Items from a data source
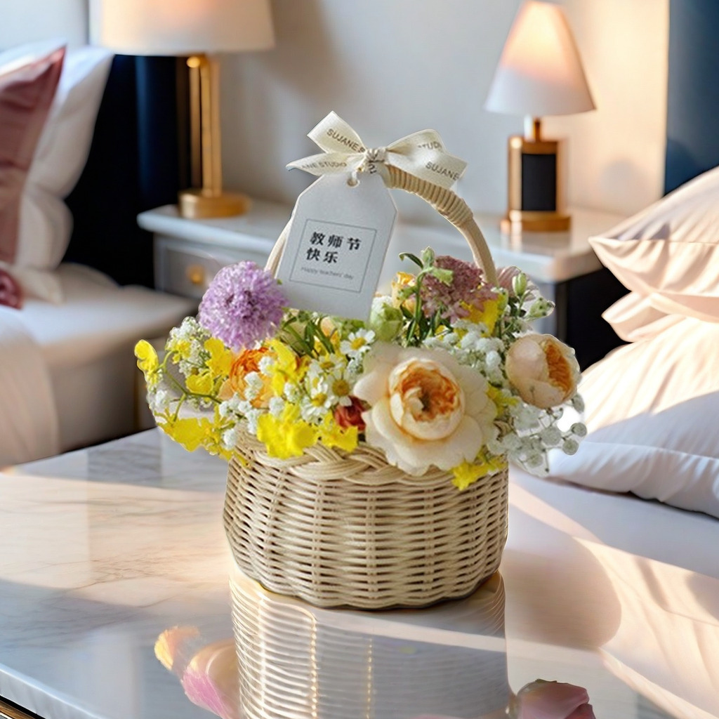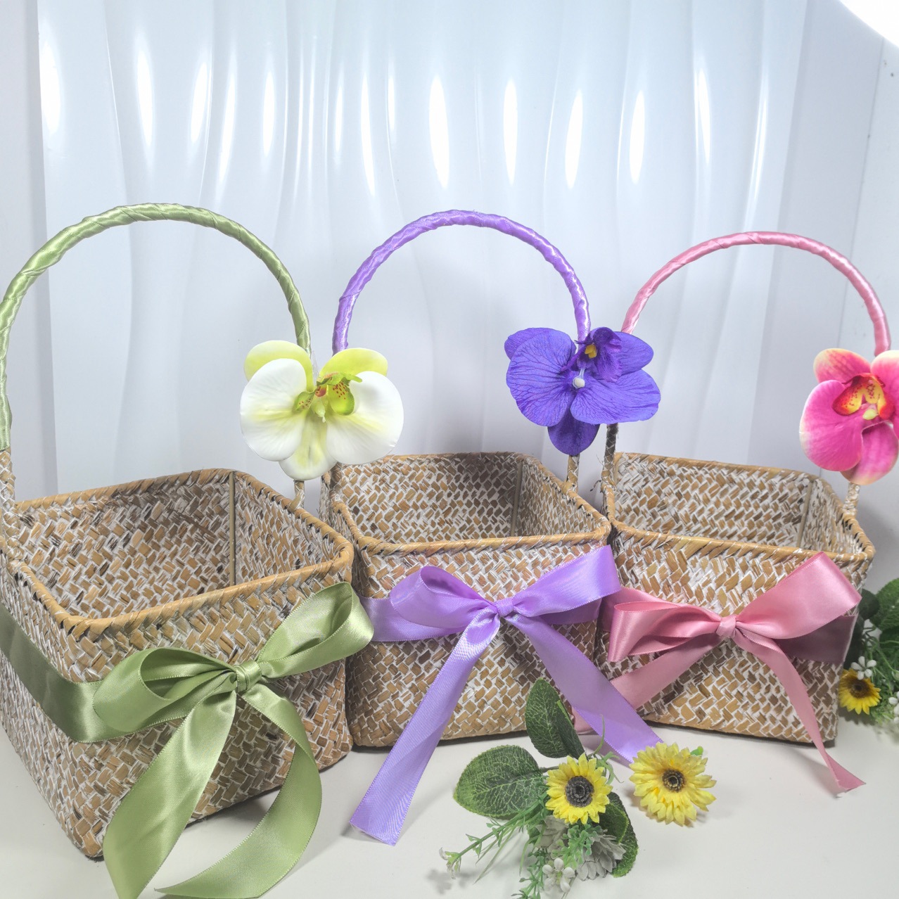 籐編み花籠花束手提げかご結婚花童花かご園芸生け花置物ダンス道具手提げ花かご
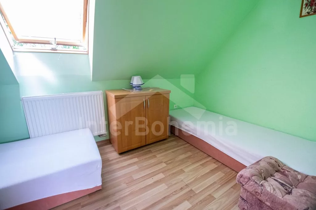 In South Bohemia, at the edge of village Divcice, 20 km northwest of Ceske Budejovice. This small village is situated among a couple of ponds; view of the greenery. Shop with basic necessities 1 km, supermarket 10 km, restaurants 4, 5, 6 and 7 km. Swimming pool 3 km and 10 km, tennis courts, tennis hall and golf course in Hluboka nad Vltavou 11 km. Horse riding 1 km. Pond Bezdrev with swimming and water sports possibilities and boats for rent 13 km. Forest 1 km. Fishing possibilities (with a fishing permit) 8 km. Bikes for rent by agreement with the landlord.
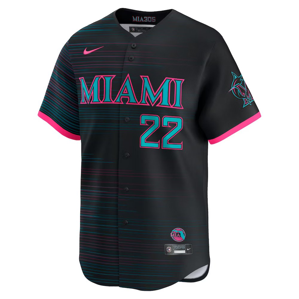 Youth Miami Marlins #22 Sandy Alcantara Nike Black 2025 City Connect Limited Jersey
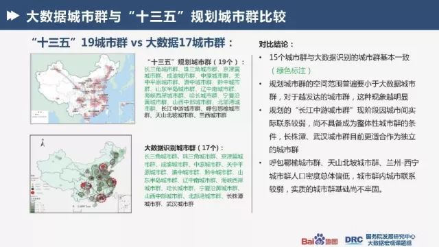 首先,“十三五”规划中的城市群范围普遍小于大数据识别的城市群,越发达的城市群这一现象越明显;
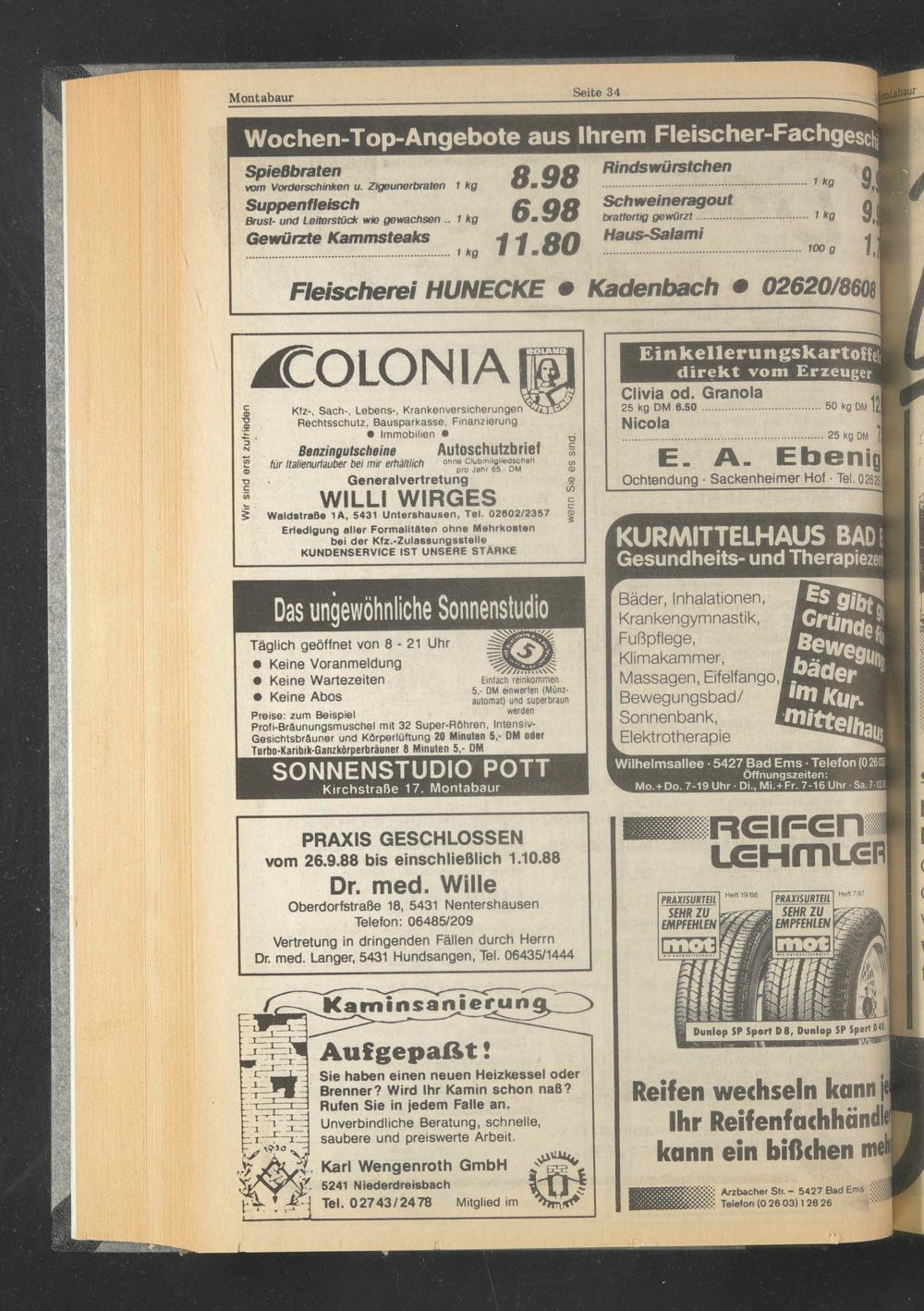 Wilhelmsallee • 5427 Bad Ems • Telefon (02603)' Öffnungszeiten:
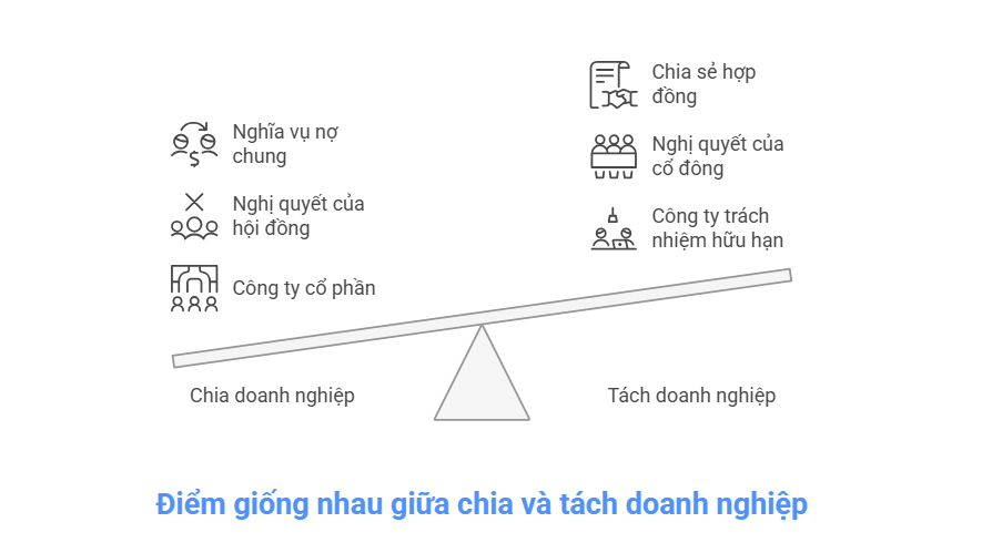 Chia và tách doanh nghiệp đều là những hình thức tổ chức lại doanh nghiệp với những điểm tương đồng đáng chú ý:
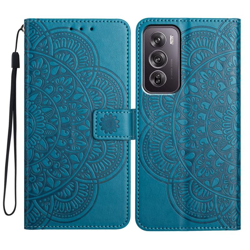 For OPPO Reno12 Pro Global Flower Embossed Leather Phone Case(Blue)

#### Work order:
Every line above should be transcribed exactly, though no image should be carried over.

#### Solution below:
 籐編み花籠花束手提げかご結婚花童花かご園芸生け花置物ダンス道具手提げ花かご
 In South Bohemia, at the edge of village Divcice, 20 km northwest of Ceske Budejovice. This small village is situated among a couple of ponds; view of the greenery. Shop with basic necessities 1 km, supermarket 10 km, restaurants 4, 5, 6 and 7 km. Swimming pool 3 km and 10 km, tennis courts, tennis hall and golf course in Hluboka nad Vltavou 11 km. Horse riding 1 km. Pond Bezdrev with swimming and water sports possibilities and boats for rent 13 km. Forest 1 km. Fishing possibilities (with a fishing permit) 8 km. Bikes for rent by agreement with the landlord.
 Youth Miami Marlins #22 Sandy Alcantara Nike Black 2025 City Connect Limited Jersey
 首先,“十三五”规划中的城市群范围普遍小于大数据识别的城市群,越发达的城市群这一现象越明显;
 Wilhelmsallee • 5427 Bad Ems • Telefon (02603)' Öffnungszeiten:
 Chia và tách doanh nghiệp đều là những hình thức tổ chức lại doanh nghiệp với những điểm tương đồng đáng chú ý:
 For OPPO Reno12 Pro Global Flower Embossed Leather Phone Case(Blue)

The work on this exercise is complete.